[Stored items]
++++++++

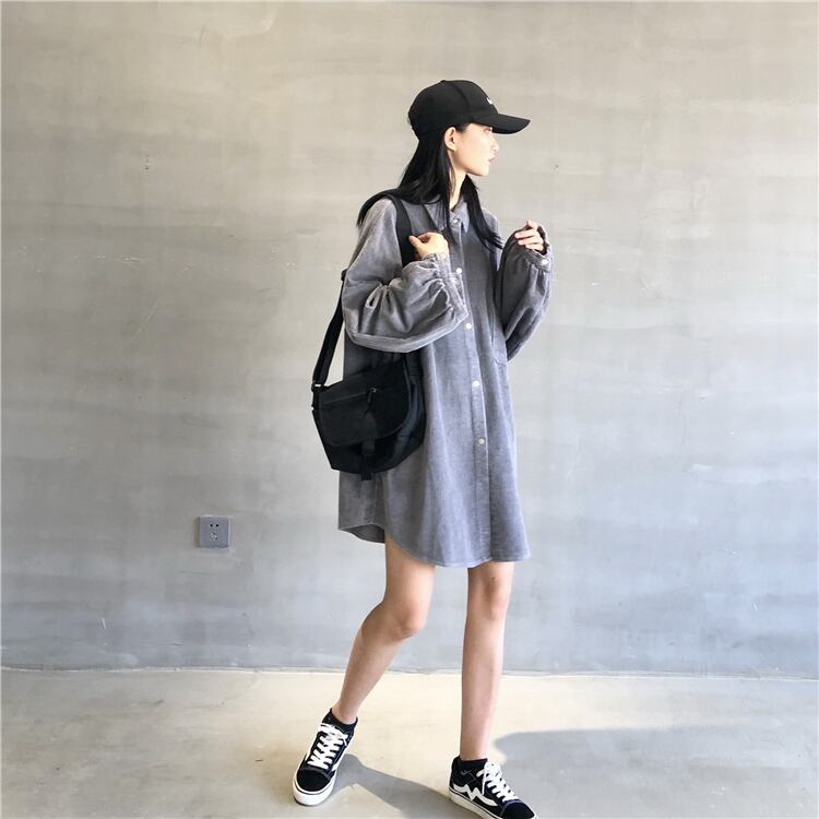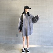 アウター レディース シャツ 膝上 長袖 無地 春 秋 冬 かわいい 大人可愛い シンプル カジュアル おしゃれ お洒落 かっこいい 大人可愛い 大人女子 ラフ ボーイッシュ ガーリー 抜け感 襟付き 袖あり 青 ブルー 灰色 グレー 大きいサイズ 大きい 大きめ ゆったり ゆる 10代 20代 30代 デート お出かけ 公園デビュー 女子会 休日 アウトドア イベント 着回し ファッション コーデ スタイル 体系カバー 送料無料 ゆったり | Rena 韓国ファッション レディースアパレル
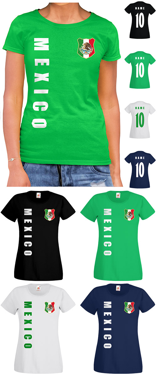 Mexiko Damen T-Shirt Trikot mit Wunschnamen und Rückennummer. Ideal als Geschenk!
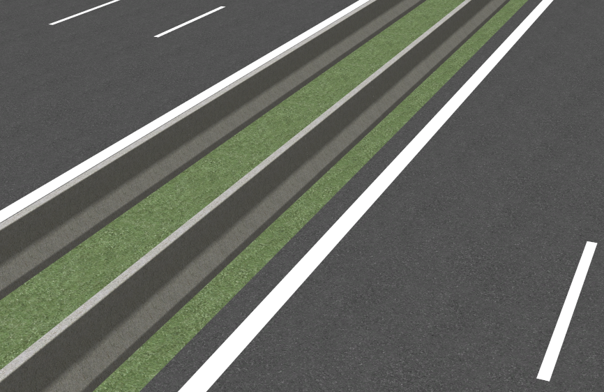 Die Marke “Zweiseitige Schutzeinrichtung” modelliert bei zweibahnigen Straßen Schutzeinrichtung im Mittelstreifen. Der Typ der Schutzeinrichtung kann über die Marke “Typ Schutzeinrichtung” definiert werden.
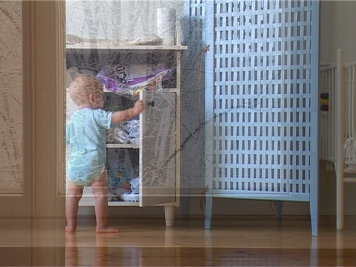 Kokeilin äsken sitä, että ikkuna kuultaisi koko ajan muiden kuvien alta. Ei toimi. Kiinnostavaa ei nimittäin ole kuvien päällekkäisyys sinällään vaan muutos. Hitaasti vaihtuvien ristikuvien aikana näkymä muuttuu koko ajan. Ikkunaruutuun ilmestyy huonetila. Pimeään käytävään alkaa tulla luonnonvaloa. Nukkuvan lapsen peittää lumisade.
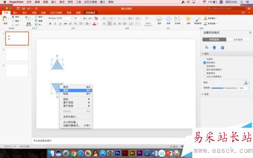 2、然后新建幻燈片,右擊新建就可以了,這樣后面的版式與前面的都是一樣的,一共三張空白的幻燈片
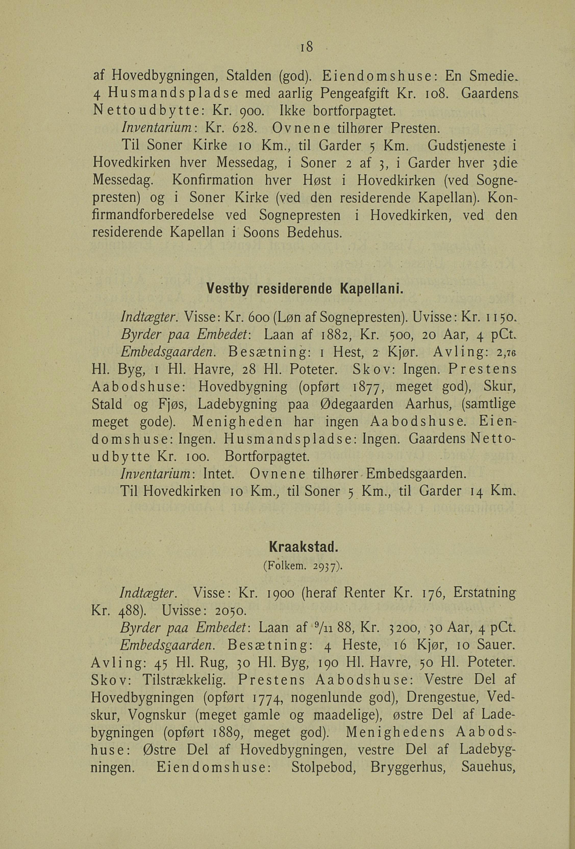 Indtægter. Visse: Kr. 600 (Løn af Sognepresten). Uvisse: Kr. 1 150.
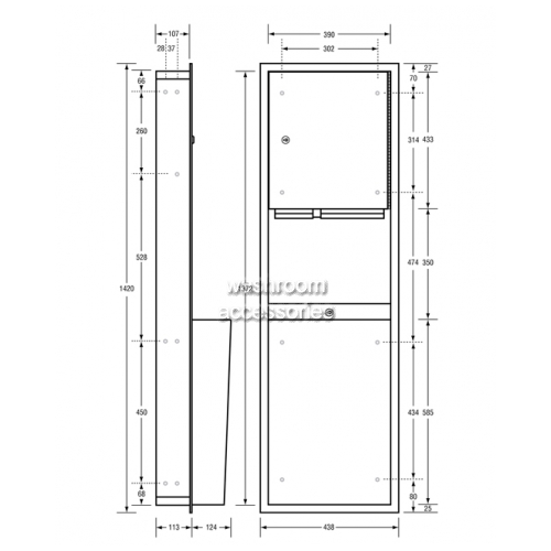 ML705SM : Surface Mounted Paper Towel Dispenser and 49 Litre Waste Receptacle Satin Stainless Steel SPECIFICATIONS Material/Finish #304 Satin Stainless Steel Features Unit fitted with two tumbler locks (keyed alike) Full length piano hinge on door Seamless welds, rolled edges Waste container is locked into cabinet Dispenser/Options 600 C-fold paper towels 800 Multi-fold paper towels Disposal: 49L Removable Stainless Steel waste container Supplied with Fitted Surround Unit is supplied with 2 keys SIZES: Overall Size of Surface Mounted Model : 438mmW x 1420mmH x 240mmD Overall Size of Recessed Model : 438mmW x 1420mmH x 237mmD Wall Opening for Recessed Model: 400mmW x 1390mmH x 110mmD

++++++++

### What the exercise asks
Nothing but the lines from the one containing "Kokeilin äsken sitä, että" through the end of the entries is to be retyped, exactly as written and without pictures.

### Solution
 Kokeilin äsken sitä, että ikkuna kuultaisi koko ajan muiden kuvien alta. Ei toimi. Kiinnostavaa ei nimittäin ole kuvien päällekkäisyys sinällään vaan muutos. Hitaasti vaihtuvien ristikuvien aikana näkymä muuttuu koko ajan. Ikkunaruutuun ilmestyy huonetila. Pimeään käytävään alkaa tulla luonnonvaloa. Nukkuvan lapsen peittää lumisade.
 2、然后新建幻燈片,右擊新建就可以了,這樣后面的版式與前面的都是一樣的,一共三張空白的幻燈片
 Indtægter. Visse: Kr. 600 (Løn af Sognepresten). Uvisse: Kr. 1 150.
 ML705SM : Surface Mounted Paper Towel Dispenser and 49 Litre Waste Receptacle Satin Stainless Steel SPECIFICATIONS Material/Finish #304 Satin Stainless Steel Features Unit fitted with two tumbler locks (keyed alike) Full length piano hinge on door Seamless welds, rolled edges Waste container is locked into cabinet Dispenser/Options 600 C-fold paper towels 800 Multi-fold paper towels Disposal: 49L Removable Stainless Steel waste container Supplied with Fitted Surround Unit is supplied with 2 keys SIZES: Overall Size of Surface Mounted Model : 438mmW x 1420mmH x 240mmD Overall Size of Recessed Model : 438mmW x 1420mmH x 237mmD Wall Opening for Recessed Model: 400mmW x 1390mmH x 110mmD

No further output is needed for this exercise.